GIVEN RECORDS:

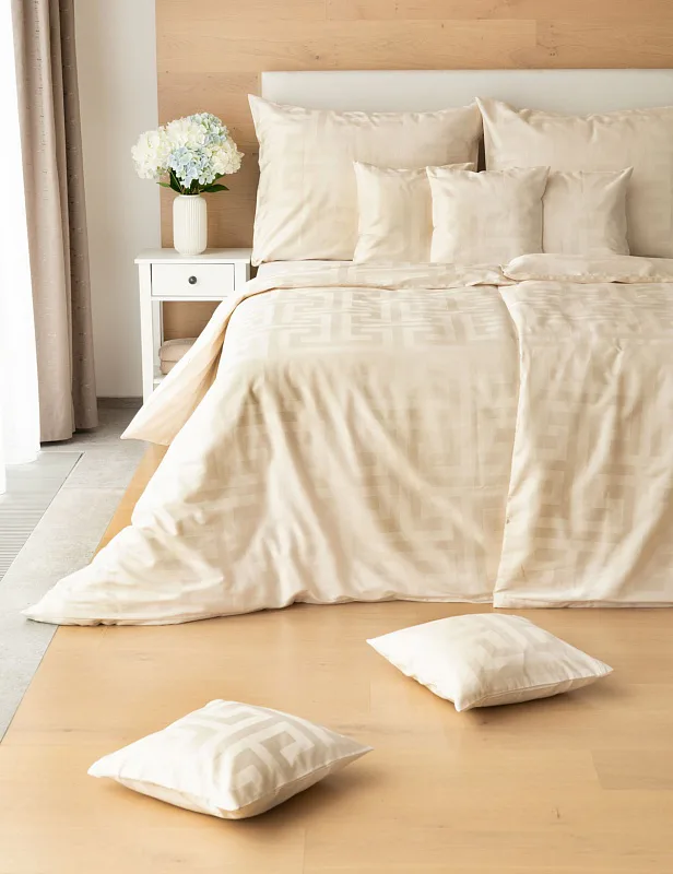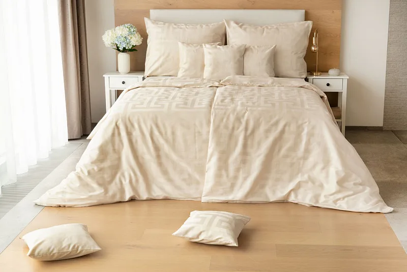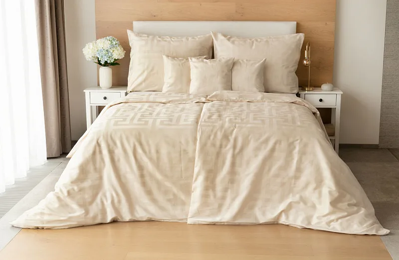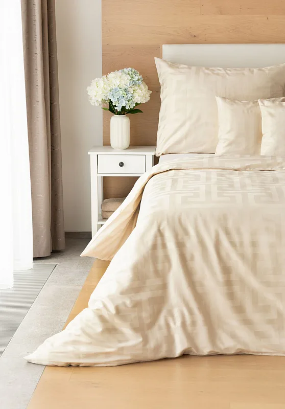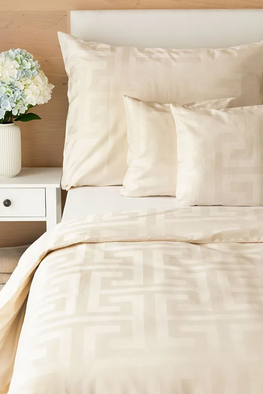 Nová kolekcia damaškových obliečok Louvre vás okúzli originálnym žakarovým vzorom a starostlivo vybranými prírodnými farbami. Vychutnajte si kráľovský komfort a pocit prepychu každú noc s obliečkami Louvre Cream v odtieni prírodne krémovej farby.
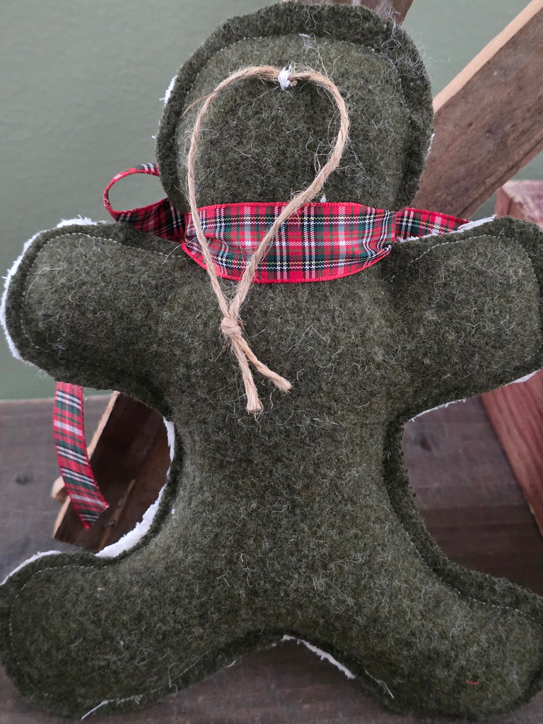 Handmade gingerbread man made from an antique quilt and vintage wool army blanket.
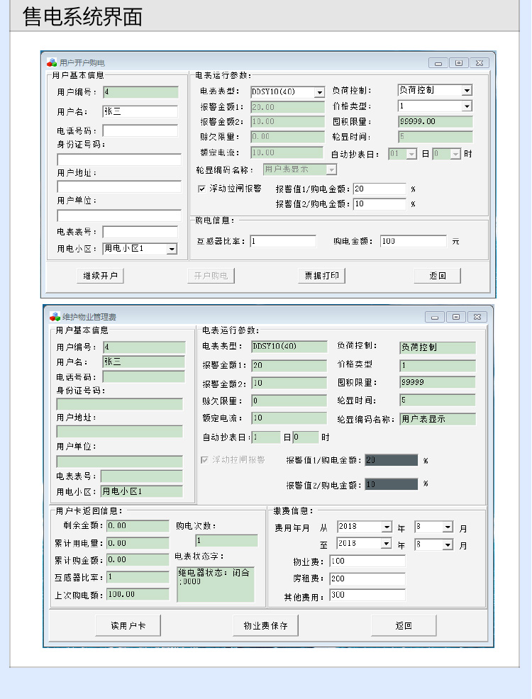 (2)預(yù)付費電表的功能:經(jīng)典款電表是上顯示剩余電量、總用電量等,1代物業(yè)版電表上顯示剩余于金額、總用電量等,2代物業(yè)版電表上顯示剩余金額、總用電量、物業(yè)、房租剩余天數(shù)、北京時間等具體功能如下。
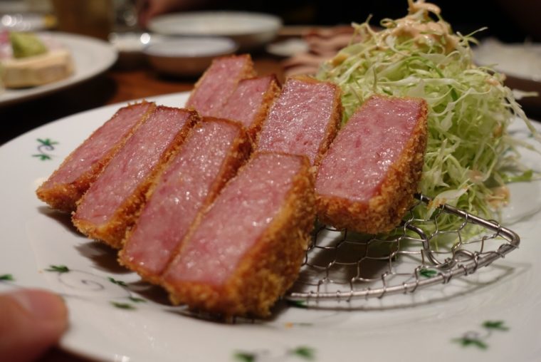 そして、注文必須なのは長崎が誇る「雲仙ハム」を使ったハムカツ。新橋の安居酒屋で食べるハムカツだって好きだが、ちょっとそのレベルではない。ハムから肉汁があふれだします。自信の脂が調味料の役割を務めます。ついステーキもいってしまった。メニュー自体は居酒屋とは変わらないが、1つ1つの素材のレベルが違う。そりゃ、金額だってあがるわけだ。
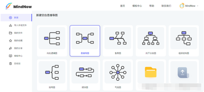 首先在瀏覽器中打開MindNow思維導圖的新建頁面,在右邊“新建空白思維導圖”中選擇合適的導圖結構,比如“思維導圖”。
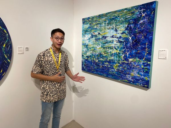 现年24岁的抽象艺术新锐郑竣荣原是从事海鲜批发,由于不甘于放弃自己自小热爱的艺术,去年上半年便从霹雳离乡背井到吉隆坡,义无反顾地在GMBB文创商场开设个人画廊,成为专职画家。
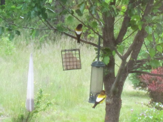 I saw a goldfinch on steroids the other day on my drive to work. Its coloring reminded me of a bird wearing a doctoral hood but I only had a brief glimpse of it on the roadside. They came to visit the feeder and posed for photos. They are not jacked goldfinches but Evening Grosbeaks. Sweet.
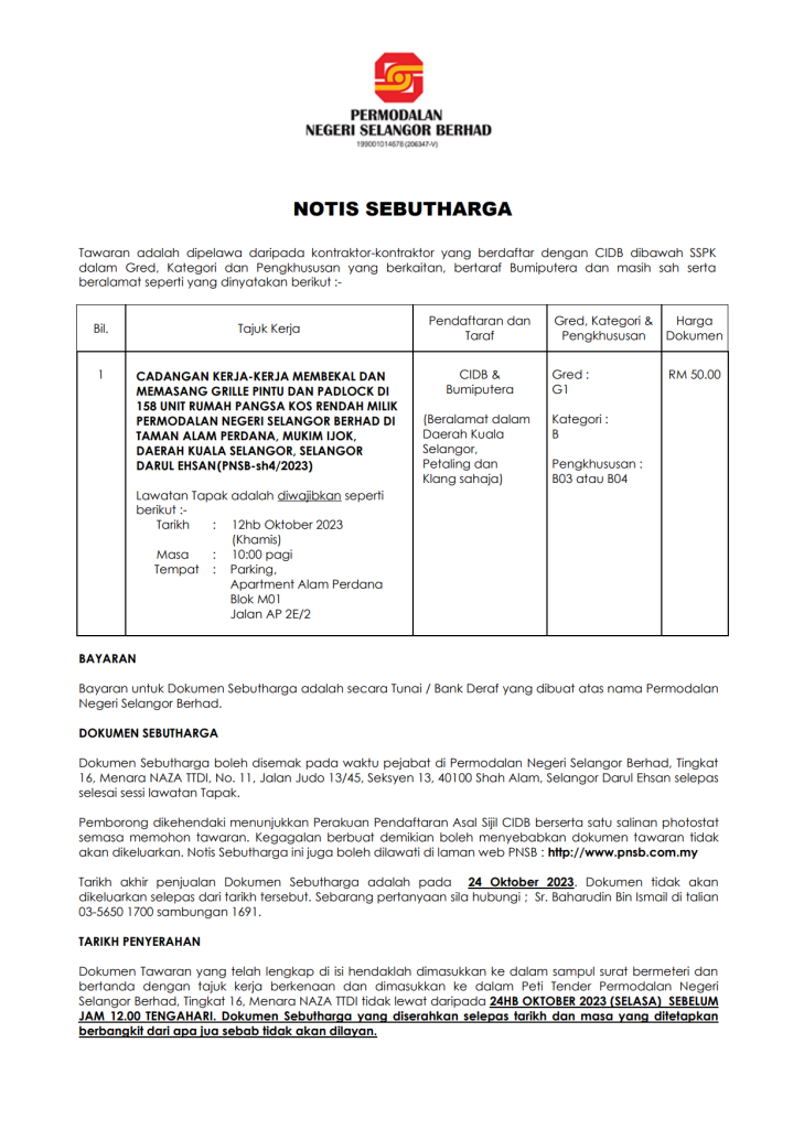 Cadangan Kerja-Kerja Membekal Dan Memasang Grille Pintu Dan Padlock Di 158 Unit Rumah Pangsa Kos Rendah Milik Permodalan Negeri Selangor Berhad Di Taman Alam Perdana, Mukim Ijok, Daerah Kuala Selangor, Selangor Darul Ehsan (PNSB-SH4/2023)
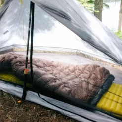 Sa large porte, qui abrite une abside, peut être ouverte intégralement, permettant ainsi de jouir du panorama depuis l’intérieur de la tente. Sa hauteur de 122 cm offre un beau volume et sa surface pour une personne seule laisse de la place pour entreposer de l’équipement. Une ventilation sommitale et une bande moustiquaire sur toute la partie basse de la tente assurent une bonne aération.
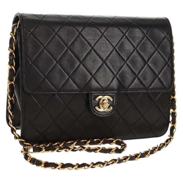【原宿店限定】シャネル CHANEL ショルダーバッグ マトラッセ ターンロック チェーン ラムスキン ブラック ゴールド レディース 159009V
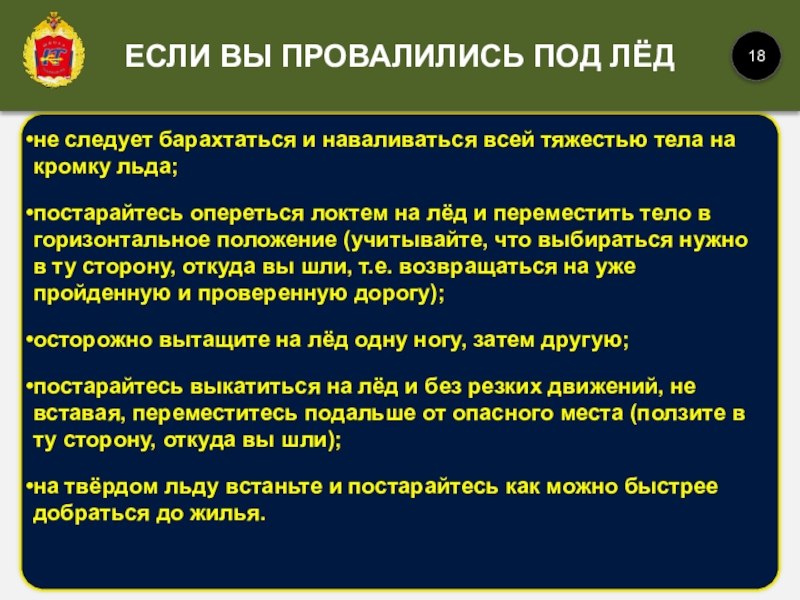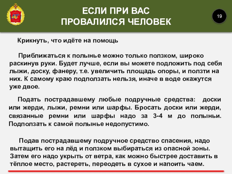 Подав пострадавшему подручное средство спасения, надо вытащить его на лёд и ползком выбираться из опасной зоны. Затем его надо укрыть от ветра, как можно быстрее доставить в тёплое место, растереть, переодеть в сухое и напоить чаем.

WHAT THIS TASK INVOLVES:
A verbatim copy of all the records, minus the pictures, is the expected answer.

RESPONSE TO THIS TASK:
 Nová kolekcia damaškových obliečok Louvre vás okúzli originálnym žakarovým vzorom a starostlivo vybranými prírodnými farbami. Vychutnajte si kráľovský komfort a pocit prepychu každú noc s obliečkami Louvre Cream v odtieni prírodne krémovej farby.
 Handmade gingerbread man made from an antique quilt and vintage wool army blanket.
 (2)預(yù)付費電表的功能:經(jīng)典款電表是上顯示剩余電量、總用電量等,1代物業(yè)版電表上顯示剩余于金額、總用電量等,2代物業(yè)版電表上顯示剩余金額、總用電量、物業(yè)、房租剩余天數(shù)、北京時間等具體功能如下。
 そして、注文必須なのは長崎が誇る「雲仙ハム」を使ったハムカツ。新橋の安居酒屋で食べるハムカツだって好きだが、ちょっとそのレベルではない。ハムから肉汁があふれだします。自信の脂が調味料の役割を務めます。ついステーキもいってしまった。メニュー自体は居酒屋とは変わらないが、1つ1つの素材のレベルが違う。そりゃ、金額だってあがるわけだ。
 首先在瀏覽器中打開MindNow思維導圖的新建頁面,在右邊“新建空白思維導圖”中選擇合適的導圖結構,比如“思維導圖”。
 现年24岁的抽象艺术新锐郑竣荣原是从事海鲜批发,由于不甘于放弃自己自小热爱的艺术,去年上半年便从霹雳离乡背井到吉隆坡,义无反顾地在GMBB文创商场开设个人画廊,成为专职画家。
 I saw a goldfinch on steroids the other day on my drive to work. Its coloring reminded me of a bird wearing a doctoral hood but I only had a brief glimpse of it on the roadside. They came to visit the feeder and posed for photos. They are not jacked goldfinches but Evening Grosbeaks. Sweet.
 Cadangan Kerja-Kerja Membekal Dan Memasang Grille Pintu Dan Padlock Di 158 Unit Rumah Pangsa Kos Rendah Milik Permodalan Negeri Selangor Berhad Di Taman Alam Perdana, Mukim Ijok, Daerah Kuala Selangor, Selangor Darul Ehsan (PNSB-SH4/2023)
 Sa large porte, qui abrite une abside, peut être ouverte intégralement, permettant ainsi de jouir du panorama depuis l’intérieur de la tente. Sa hauteur de 122 cm offre un beau volume et sa surface pour une personne seule laisse de la place pour entreposer de l’équipement. Une ventilation sommitale et une bande moustiquaire sur toute la partie basse de la tente assurent une bonne aération.
【原宿店限定】シャネル CHANEL ショルダーバッグ マトラッセ ターンロック チェーン ラムスキン ブラック ゴールド レディース 159009V
 Подав пострадавшему подручное средство спасения, надо вытащить его на лёд и ползком выбираться из опасной зоны. Затем его надо укрыть от ветра, как можно быстрее доставить в тёплое место, растереть, переодеть в сухое и напоить чаем.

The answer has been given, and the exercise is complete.